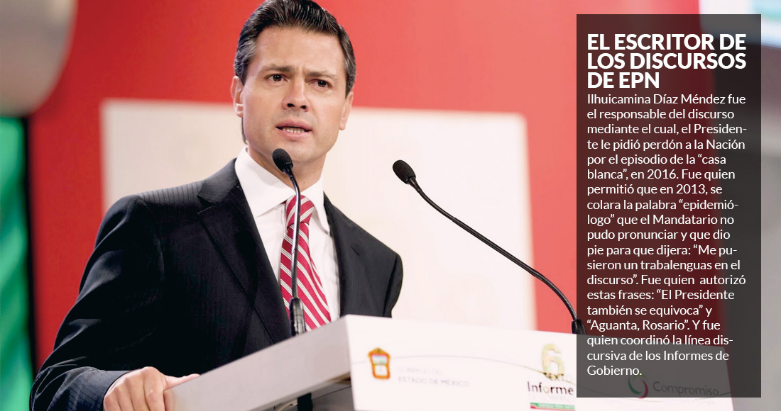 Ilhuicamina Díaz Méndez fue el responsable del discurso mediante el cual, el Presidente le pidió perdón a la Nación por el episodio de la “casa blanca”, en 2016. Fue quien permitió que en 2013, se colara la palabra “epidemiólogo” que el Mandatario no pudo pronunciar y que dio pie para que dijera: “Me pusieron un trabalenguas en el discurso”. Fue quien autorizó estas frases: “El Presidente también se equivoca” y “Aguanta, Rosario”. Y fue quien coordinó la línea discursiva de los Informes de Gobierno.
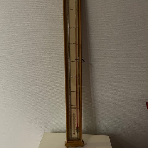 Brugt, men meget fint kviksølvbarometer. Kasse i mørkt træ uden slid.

====

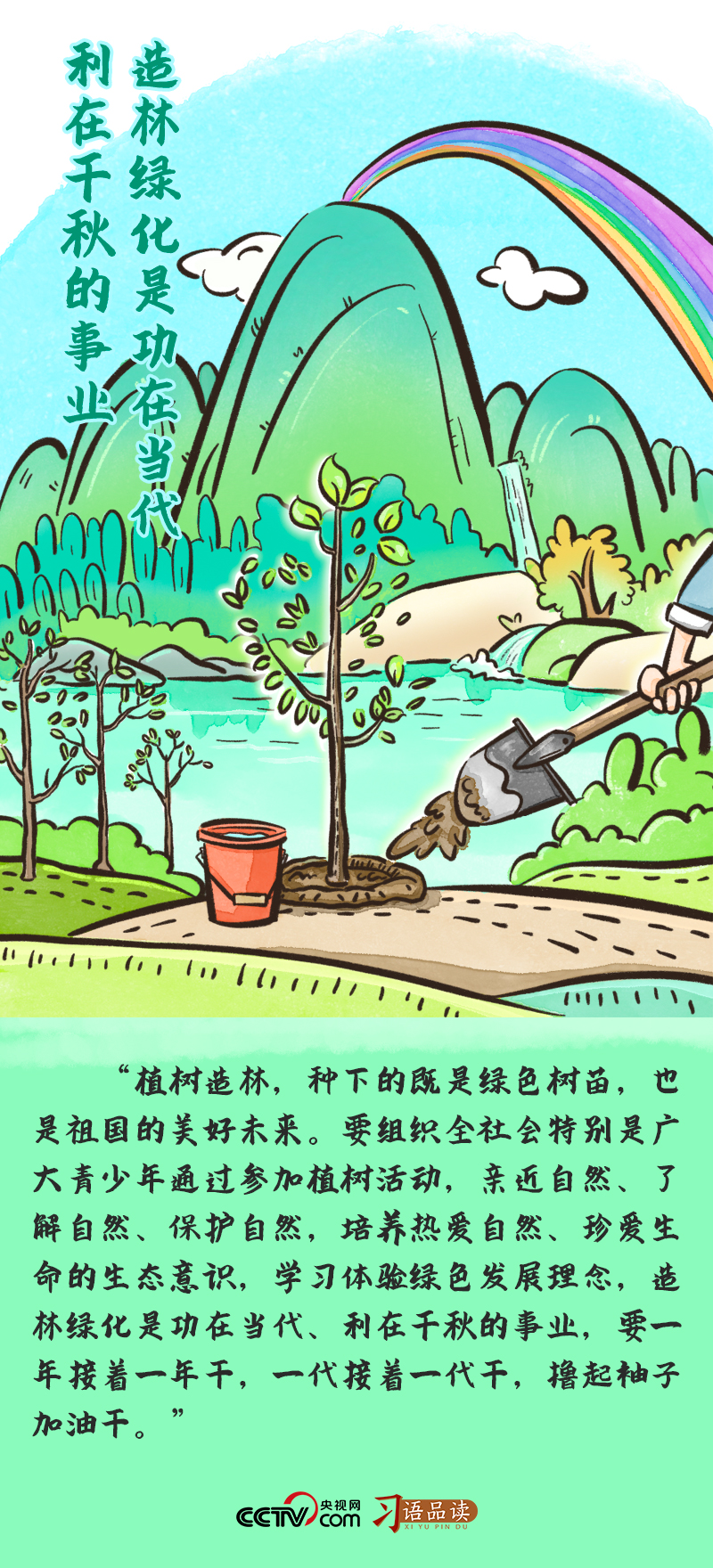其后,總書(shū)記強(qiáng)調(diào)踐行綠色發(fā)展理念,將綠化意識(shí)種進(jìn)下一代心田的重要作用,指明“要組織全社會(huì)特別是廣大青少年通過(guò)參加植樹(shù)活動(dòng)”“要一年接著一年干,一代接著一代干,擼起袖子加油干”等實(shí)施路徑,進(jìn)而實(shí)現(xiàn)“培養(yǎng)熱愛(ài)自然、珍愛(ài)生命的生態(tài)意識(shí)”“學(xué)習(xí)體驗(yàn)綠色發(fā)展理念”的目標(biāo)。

====

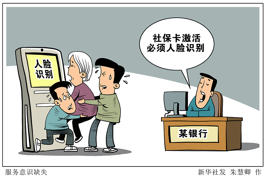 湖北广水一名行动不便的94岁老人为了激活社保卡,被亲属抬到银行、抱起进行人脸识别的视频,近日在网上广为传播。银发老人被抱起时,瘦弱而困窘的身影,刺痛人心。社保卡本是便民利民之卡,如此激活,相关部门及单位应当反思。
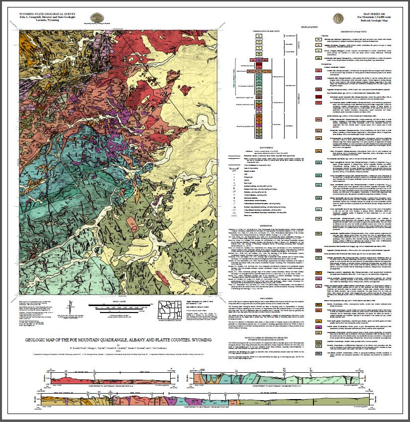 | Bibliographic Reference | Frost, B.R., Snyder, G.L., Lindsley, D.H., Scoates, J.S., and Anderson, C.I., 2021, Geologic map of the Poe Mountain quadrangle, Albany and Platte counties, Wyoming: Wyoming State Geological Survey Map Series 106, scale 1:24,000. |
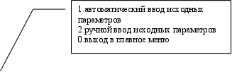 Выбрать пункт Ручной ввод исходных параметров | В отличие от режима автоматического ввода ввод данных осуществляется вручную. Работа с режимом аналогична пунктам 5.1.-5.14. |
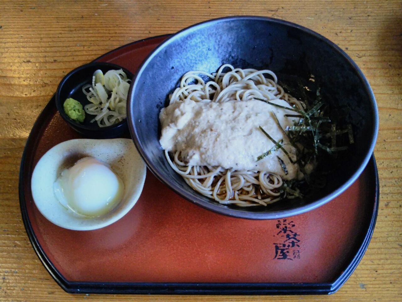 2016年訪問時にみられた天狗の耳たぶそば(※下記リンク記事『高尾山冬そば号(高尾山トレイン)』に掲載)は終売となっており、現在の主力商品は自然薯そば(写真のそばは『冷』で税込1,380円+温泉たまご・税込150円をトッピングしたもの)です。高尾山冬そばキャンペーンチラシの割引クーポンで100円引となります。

====

- _EXERCISE INSTRUCTIONS_: Would you transcribe the lines above exactly, going from the line bearing "Ilhuicamina Díaz Méndez" through the line bearing "Brugt, men meget", and drop the pictures from the copy?

- _COMPLETED TASK_:
 Ilhuicamina Díaz Méndez fue el responsable del discurso mediante el cual, el Presidente le pidió perdón a la Nación por el episodio de la “casa blanca”, en 2016. Fue quien permitió que en 2013, se colara la palabra “epidemiólogo” que el Mandatario no pudo pronunciar y que dio pie para que dijera: “Me pusieron un trabalenguas en el discurso”. Fue quien autorizó estas frases: “El Presidente también se equivoca” y “Aguanta, Rosario”. Y fue quien coordinó la línea discursiva de los Informes de Gobierno.
 Brugt, men meget fint kviksølvbarometer. Kasse i mørkt træ uden slid.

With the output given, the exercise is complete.